— Мне пора, — сказал он, — а то опоздаю.
— Махнем лучше с нами, а? — предложил Гэс.
— Куда это?
— В Крессли. Там сегодня в парке играет духовой оркестр. Ну пропустишь школу разок — кто узнает?
Действительно, некому проверять, был он в школе или не был.

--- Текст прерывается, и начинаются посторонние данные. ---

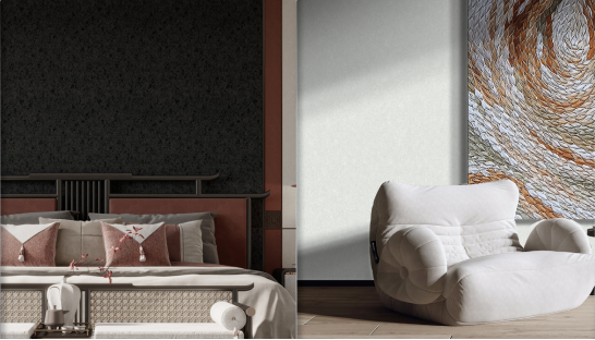 墻布的耐磨性以紗線密度為直觀展現,高精密就是指高支數高密度的面料,紗織數越高表示紗線越細,密度越高表示紗線越多。領繡無縫墻布以提花天然的紋理與色織工藝的結合來突出藝術質感,結合高端技術工藝,可用于各種風格裝飾空間。不僅顏值高,質感也非常好——高精密墻布在制作過程中使用的經線數量較多織出來的墻布密度較大,繡面很平整,手感也非常舒適。

— Только мне обязательно надо пораньше вернуться.
— Да мы ненадолго. Решили? Чего тут думать, не понимаю! — Гэс оглянулся через плечо. — Смотри, вон, кстати, и автобус подходит. Бежим!
Они с Томми припустили к автобусной остановке; секунду Джоби еще колебался, потом кинулся вдогонку. Когда они добежали, автобус как раз сбавлял ход, и Джоби, пораженный внезапным опасением, покосился на кабину водителя. Но ему опять повезло: там сидел не дядя Тед. На обратном пути нужно быть осторожней, подумал он, да и в Крессли рот не разевать — чего доброго, напорешься на отца с тетей Дэзи. А так никто и не дознается, что он прогулял занятия. И вообще, это уж чересчур: утром и вечером — в церковь, днем — в воскресную школу. Мама никогда бы с ним так не обошлась. Такое может прийти в голову одной тете Дэзи.
Они поднялись наверх, уселись на задние места — и бутылка с лимонадом опять пошла по рукам. На сей раз Джоби ее не отвергал. Лимонад к этому времени стал теплым, почти весь газ из него улетучился, но все-таки было приятно промочить горло. Гэс и Томми вытащили по плитке шоколада и опять поделились с ним. В ответ на его замечание, что они, видать, разбогатели, если могут так швыряться деньгами, они хитро переглянулись, и Гэс объяснил, что выиграл деньги в спортлото.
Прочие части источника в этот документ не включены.